• **Task**
Word for word, restate the listing; omit the pictures.

+++ Dataset extract +++

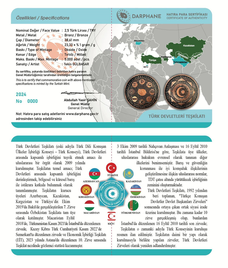 Hatıra paranın bir yüzünde ise Türk Devletleri Teşkilatı'nın bayrağı ve ismi ile kuruluş tarihi olan 3 Ekim 2009 ibaresi bulunuyor.
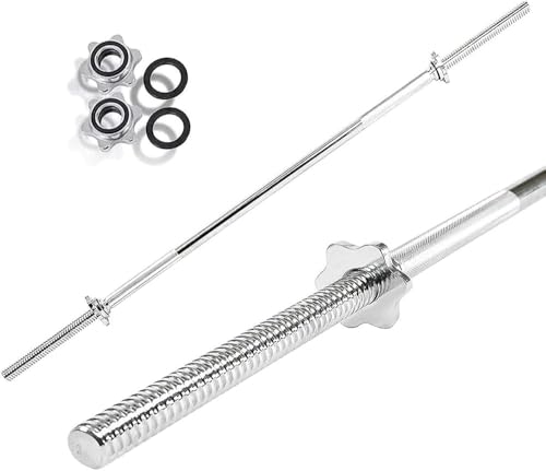 Generic - Standard Chrome Barbell Bar with Threaded Ends & Spring Collars – Steel Weightlifting Bar for Home Gym, Strength Training & Bench Press
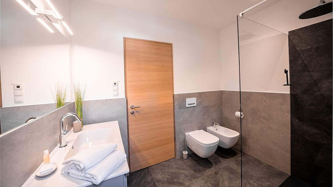 The light-flooded apartment has been stylishly furnished. The 2 bedrooms can accommodate 4 people. A bathroom with window, a garage for bicycles and a car are also included. The terrace offers a beautiful view of the village and the lake. Breakfast here or just enjoying the sun and the panorama is pure relax. The accommodation has a 50 inch Smart TV, free Wifi, air conditioning, underfloor heating, dishwasher, elevator & smart home system.

+++

• **Problem solution**
 Hatıra paranın bir yüzünde ise Türk Devletleri Teşkilatı'nın bayrağı ve ismi ile kuruluş tarihi olan 3 Ekim 2009 ibaresi bulunuyor.
 Generic - Standard Chrome Barbell Bar with Threaded Ends & Spring Collars – Steel Weightlifting Bar for Home Gym, Strength Training & Bench Press
 The light-flooded apartment has been stylishly furnished. The 2 bedrooms can accommodate 4 people. A bathroom with window, a garage for bicycles and a car are also included. The terrace offers a beautiful view of the village and the lake. Breakfast here or just enjoying the sun and the panorama is pure relax. The accommodation has a 50 inch Smart TV, free Wifi, air conditioning, underfloor heating, dishwasher, elevator & smart home system.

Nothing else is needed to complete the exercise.